This guest post is by David Jacobson of Positive Coaching Alliance, a national non-profit organization with the mission to transform the culture of youth sports so that youth athletes can have a positive, character-building experience.
The $765 million settlement struck in August in a class-action lawsuit against the NFL by more than 4,000 former players has heightened the profile on concussion. Never before has there been such a tipping point for a health issue related to sports…all sports, all ages.
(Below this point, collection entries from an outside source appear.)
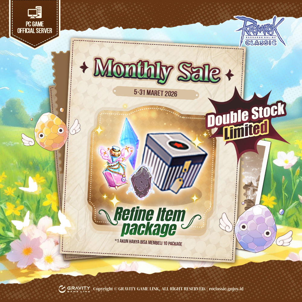 Monthly Sale Refine Item Package hadir lagi loh bulan ini, Tim Ragnarok Classic sudah menyiapkan MONTHLY SALE yang berisi kebutuhan-kebutuhan tempa untuk RO Mania!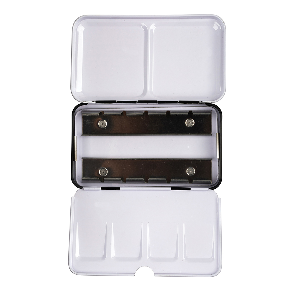 The palette for watercolours is made from metal sheet in black colour. The inner part of the palette is white. There is a loop in the lower side to grasp the palette. There is a metal insert inside to attach 12 cuvettes of watercolours.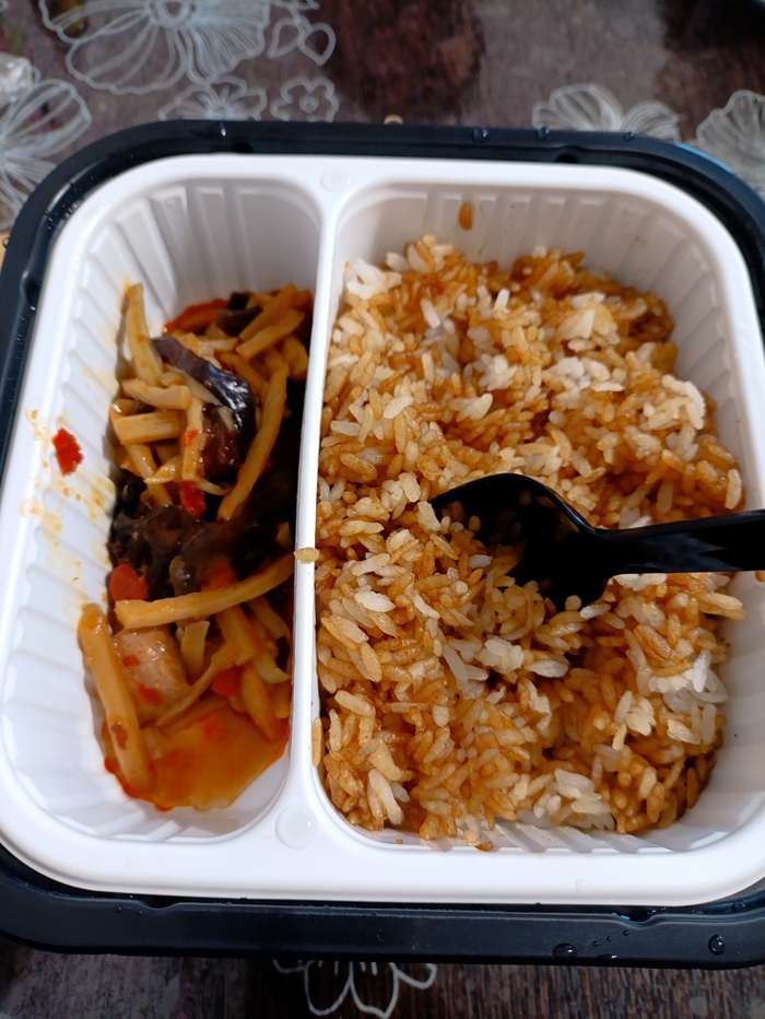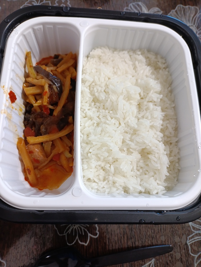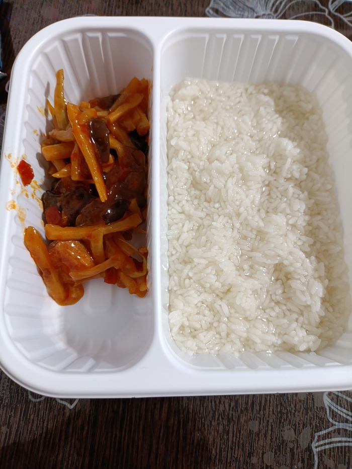 Рис получился достаточно сухой и рассыпчатый, бамбук и грибы горячие и хрустящие, мяса три небольших кусочка. Остроты не почувствовал вовсе.

At Positive Coaching Alliance (PCA) — a national non-profit developing “Better Athletes, Better People” through youth and high school sports and a partner of SportsSignup — we share advice in a new segment on concussions we offer as part of live PCA workshops for youth and high school coaches.
Much of the advice derives from work by PCA National Advisory Board Member Dr. Gerard Gioia, Chief of the Division of Pediatric Neuropsychology at Children’s National Medical Center, where he directs the Safe Concussion Outcome, Recovery & Education (SCORE) Program.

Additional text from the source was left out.